→ **What needs to be done**: Extract every record, exactly as written, and ignore the pictures.

→ **Data for this exercise**:
---+---

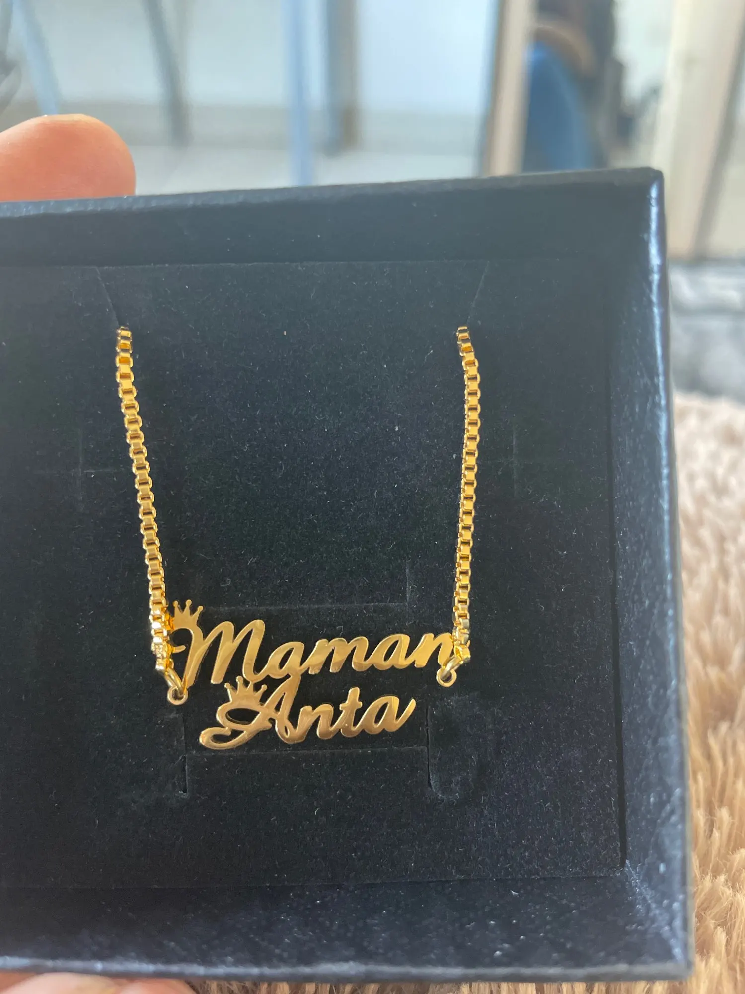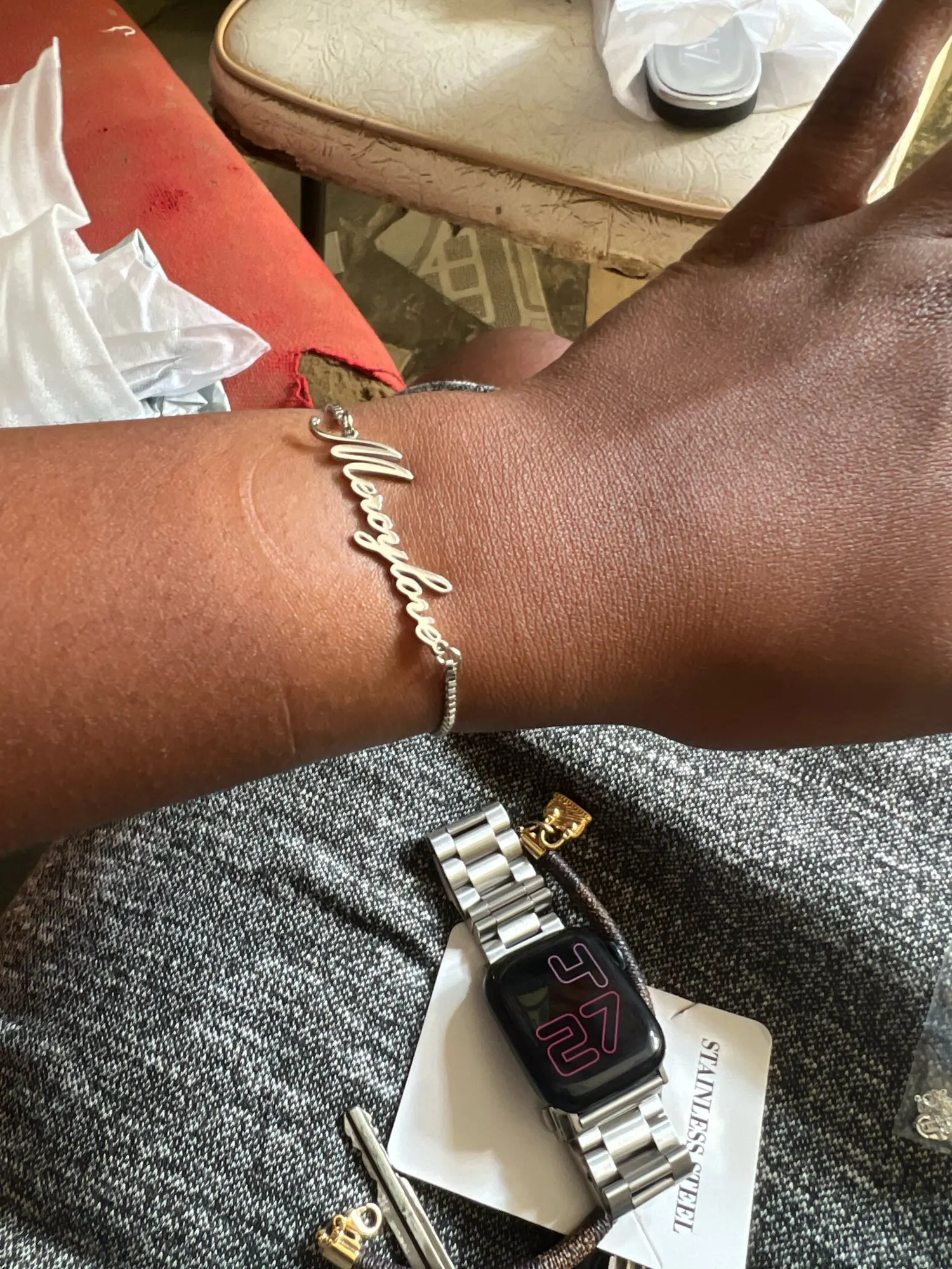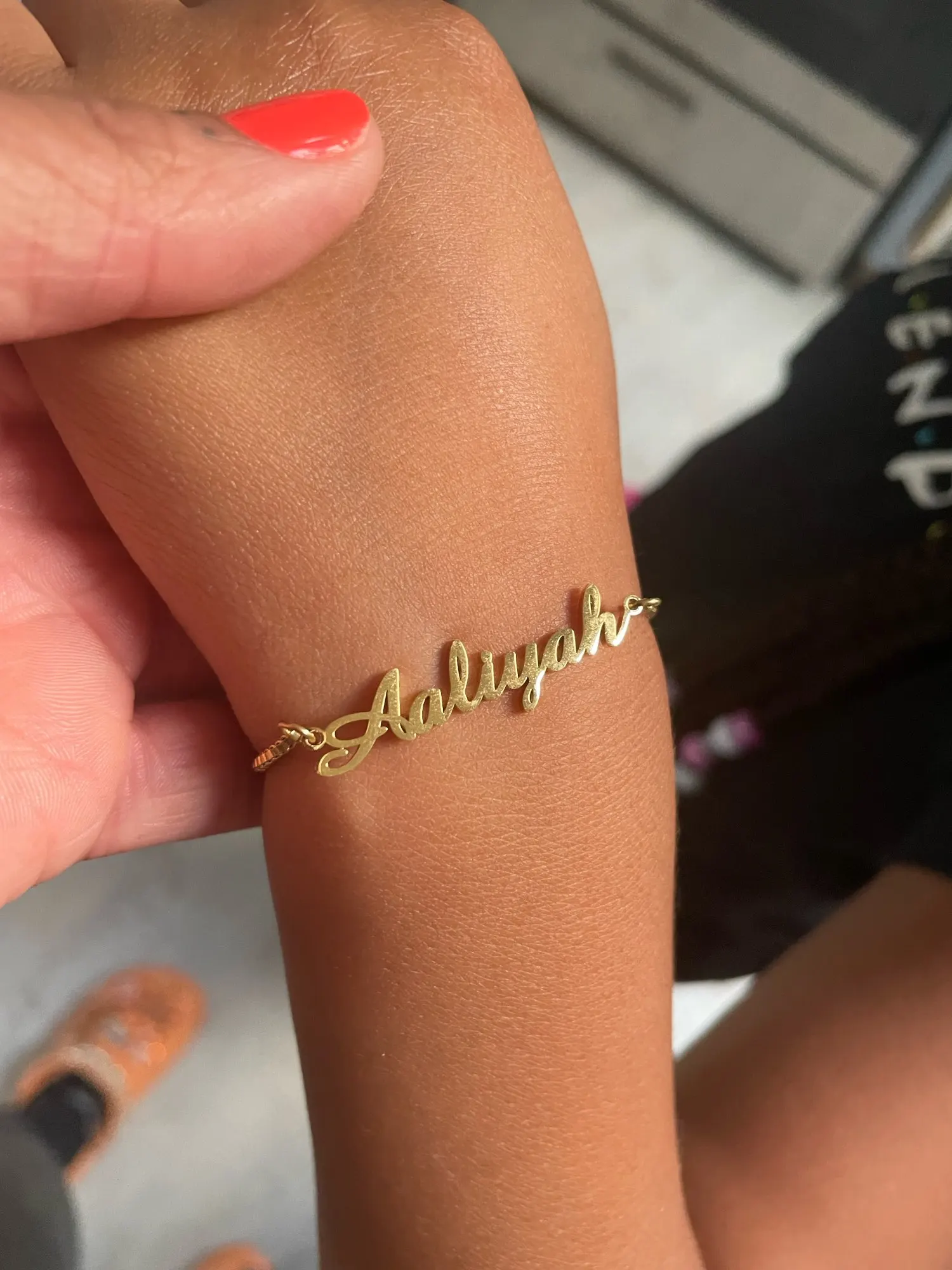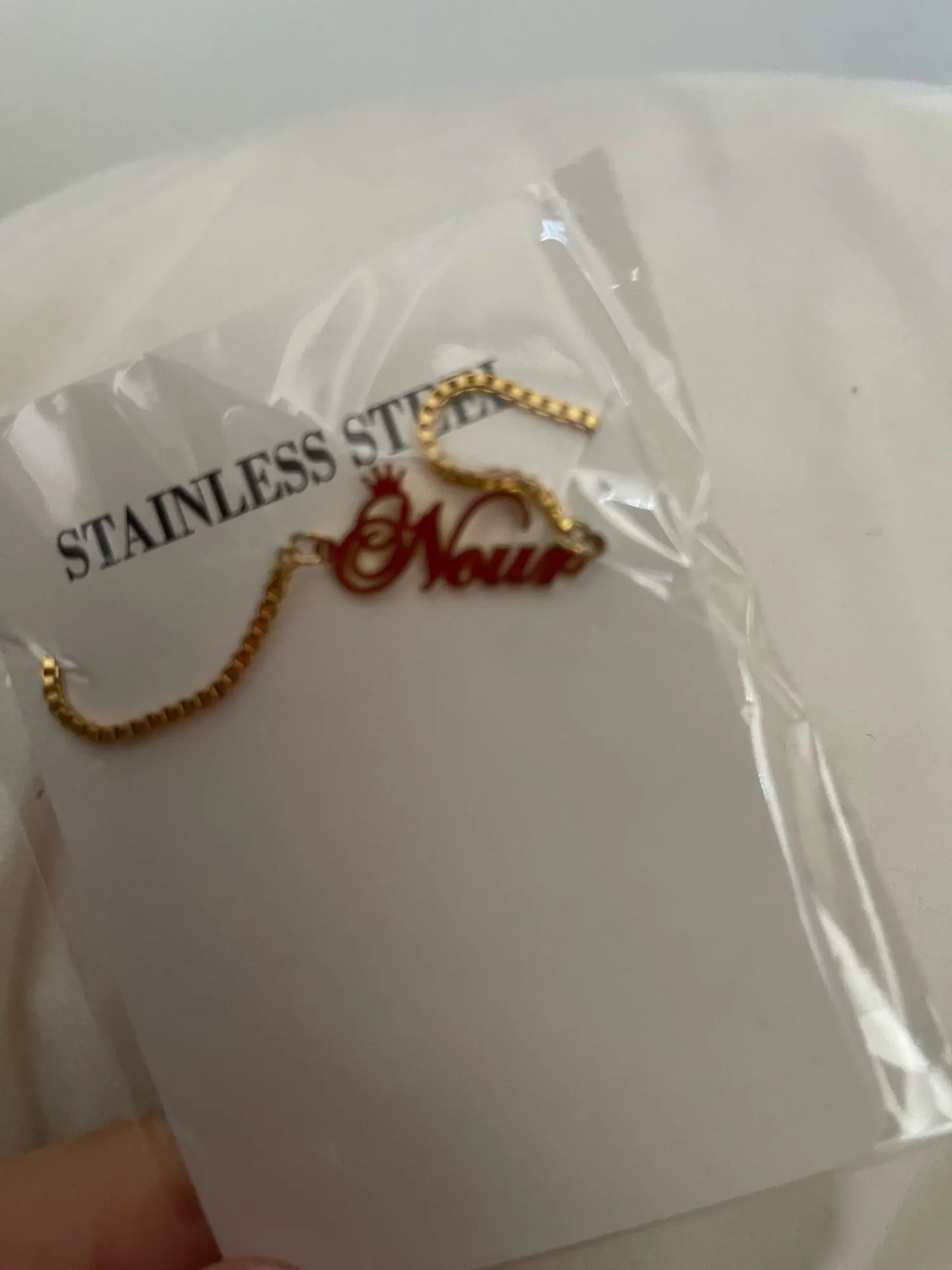 Красивое имя на браслете. Моя единственная жалоба в том, что цепь коробки не легко Потяните, чтобы открыть или закрыть. Бойтесь, что он сломается задолго. Надеюсь, нет.
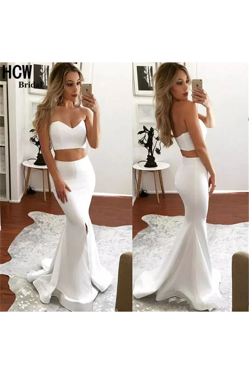 Sweetheart Sleeveless Sweep Train Satin Mermaid Two Piece Dress
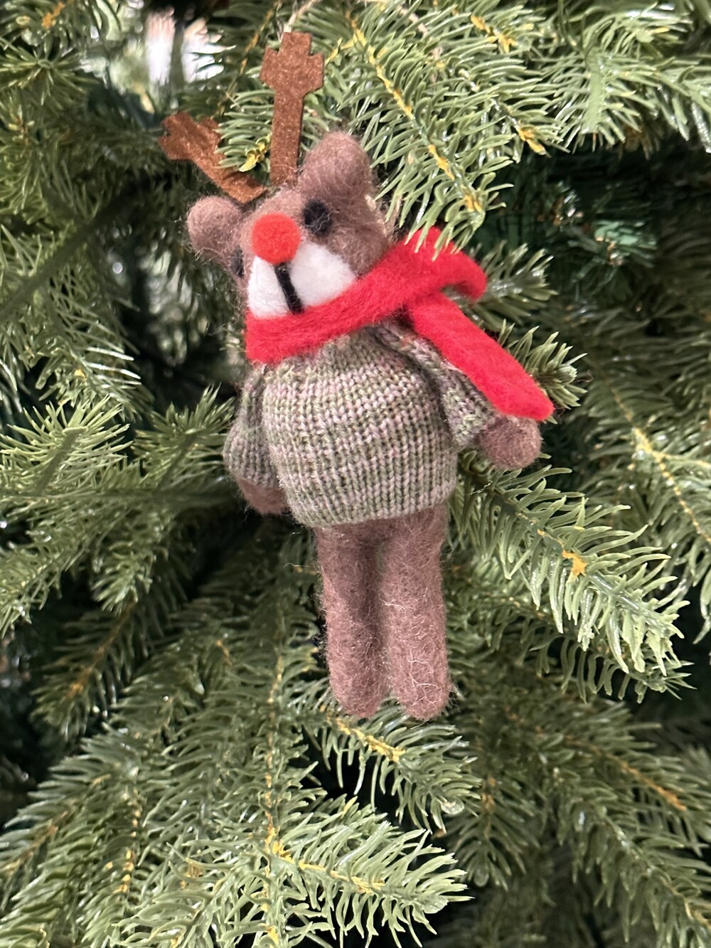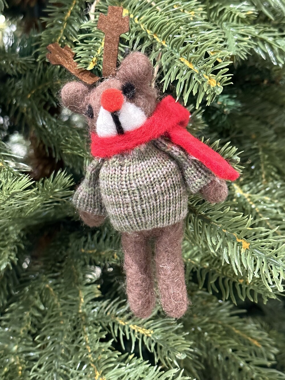 양모 소재로 제작된 귀여운 루돌프 사슴 오너먼트 입니다.
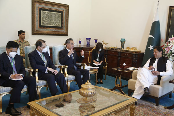 当地时间2022年3月22日,巴基斯坦总理伊姆兰·汗在伊斯兰堡总理府会见国务委员兼外长王毅。
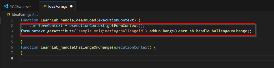 function LearnLab_handleIdeaOnLoad(executionContext) { } function LearnLab_handleChallengeOnChange(executionContext) { }Fügen Sie der Funktion OnLoad das Skript hinzu. Dieses Skript registriert einen Ereignishandler OnChange, Sie müssen OnChange verarbeiten, falls sich die zugehörige Herausforderung ändert.
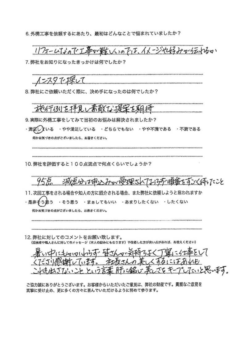 暑い中にもかかわらず皆さん気持ちよく丁寧に仕事をしてくださり感謝しています。社長さんの美しくするにはあれもこれも出さないことという言葉肝に銘じ美しさをキープしたいと思います。
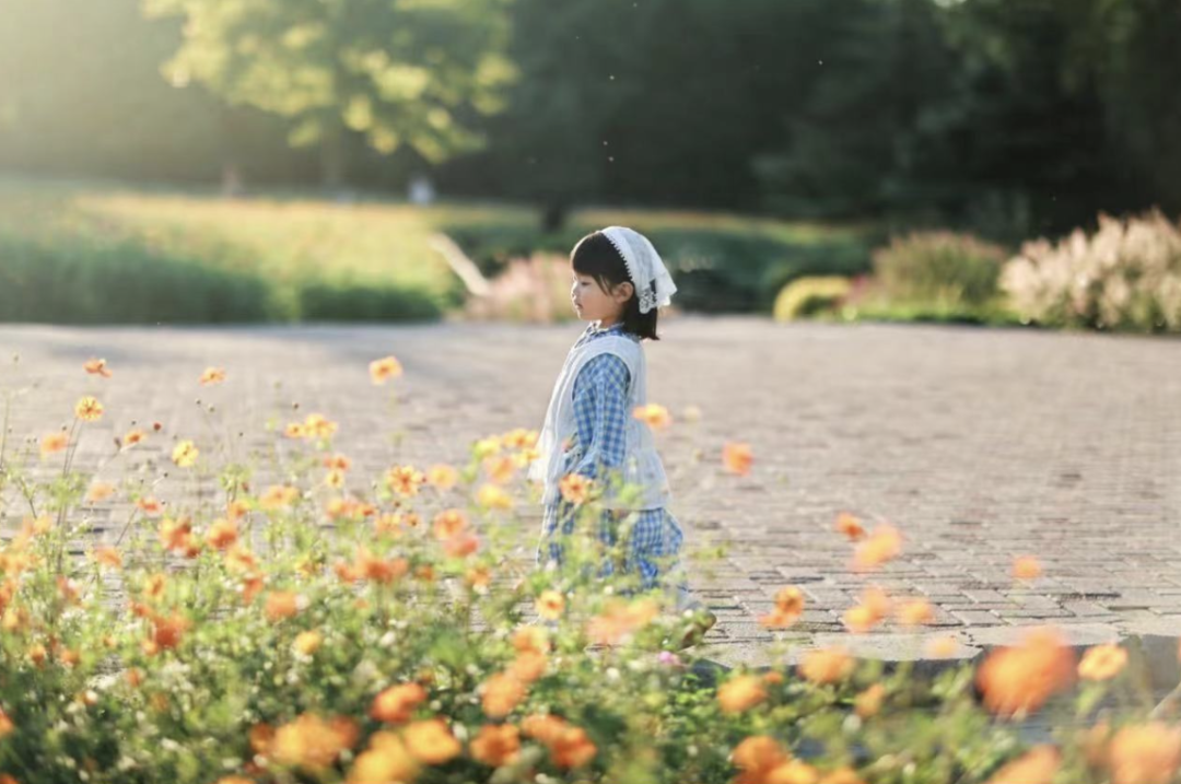 妈妈告诉孩子,只需静静站着,和花朵一样高,就能拍出好照片,不必踩进花坛。
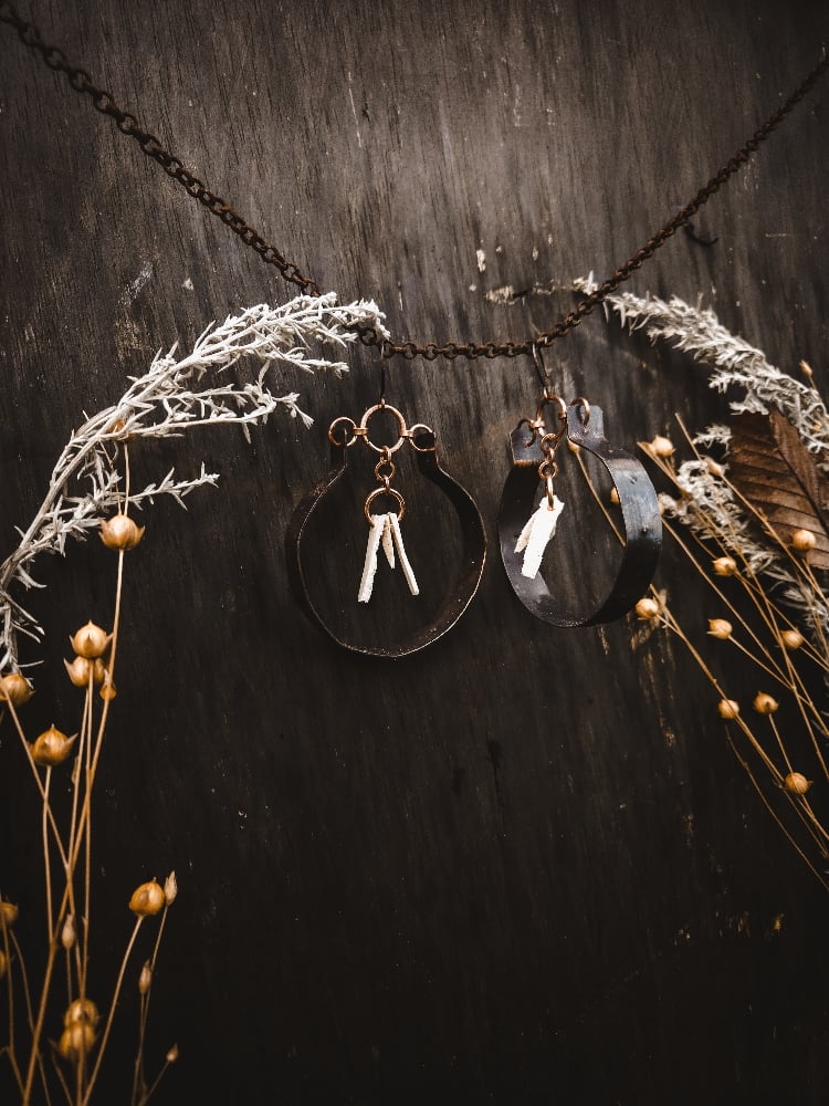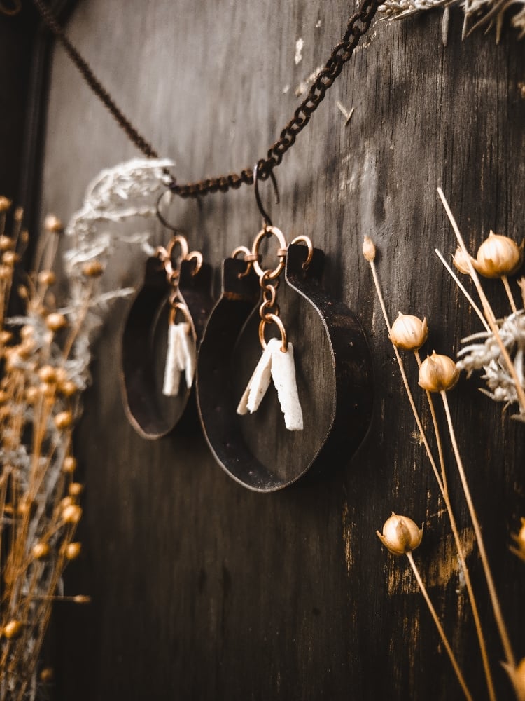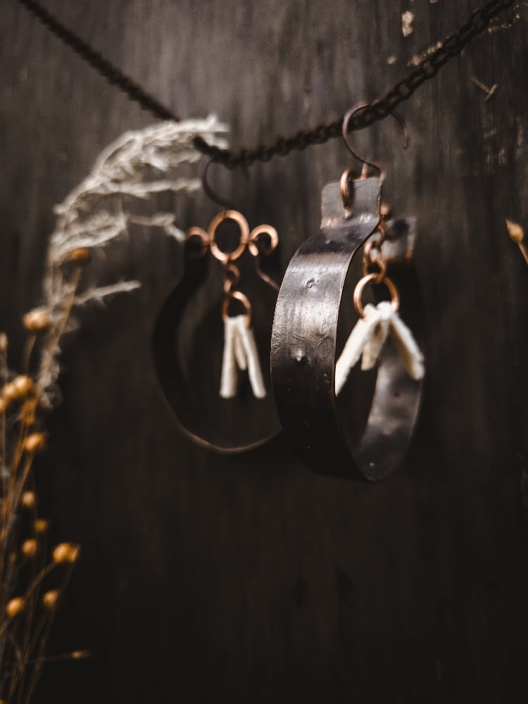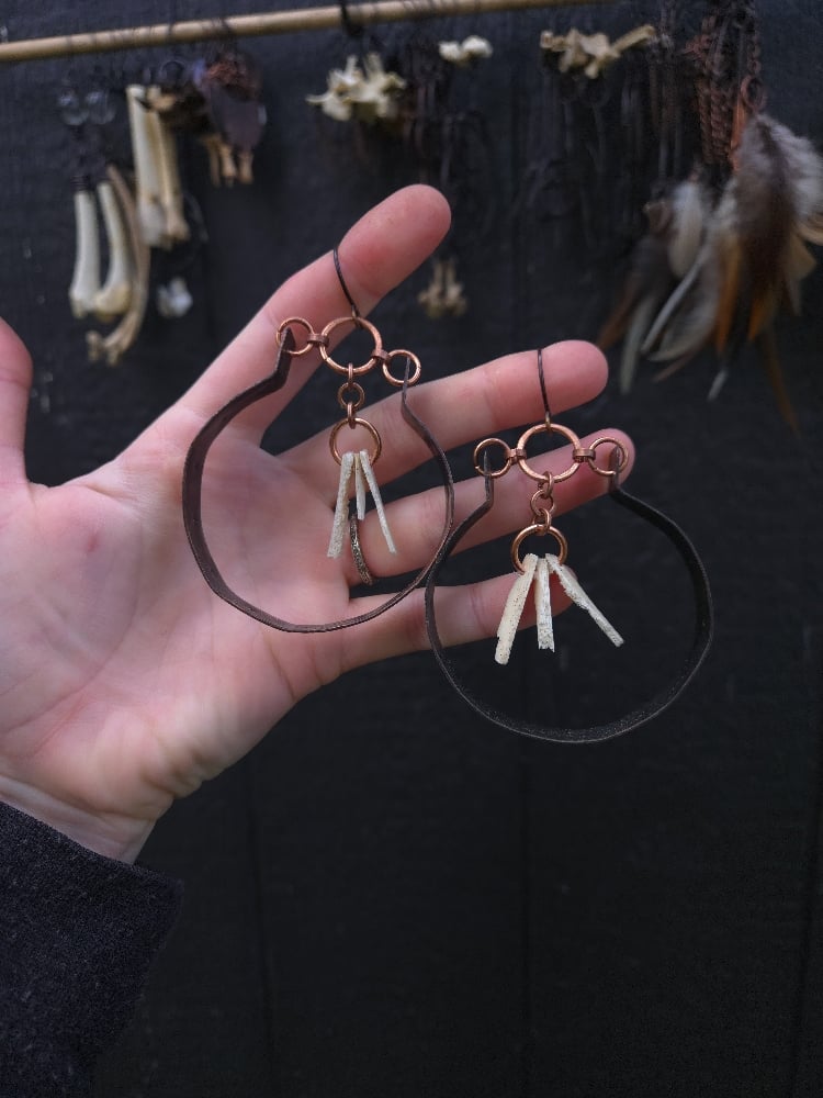 copper and scavenged deer bone fragment earrings

---+---

→ **Solution for this task**:
 Красивое имя на браслете. Моя единственная жалоба в том, что цепь коробки не легко Потяните, чтобы открыть или закрыть. Бойтесь, что он сломается задолго. Надеюсь, нет.
 Sweetheart Sleeveless Sweep Train Satin Mermaid Two Piece Dress
 양모 소재로 제작된 귀여운 루돌프 사슴 오너먼트 입니다.
 当地时间2022年3月22日,巴基斯坦总理伊姆兰·汗在伊斯兰堡总理府会见国务委员兼外长王毅。
 function LearnLab_handleIdeaOnLoad(executionContext) { } function LearnLab_handleChallengeOnChange(executionContext) { }Fügen Sie der Funktion OnLoad das Skript hinzu. Dieses Skript registriert einen Ereignishandler OnChange, Sie müssen OnChange verarbeiten, falls sich die zugehörige Herausforderung ändert.
 暑い中にもかかわらず皆さん気持ちよく丁寧に仕事をしてくださり感謝しています。社長さんの美しくするにはあれもこれも出さないことという言葉肝に銘じ美しさをキープしたいと思います。
 妈妈告诉孩子,只需静静站着,和花朵一样高,就能拍出好照片,不必踩进花坛。
 copper and scavenged deer bone fragment earrings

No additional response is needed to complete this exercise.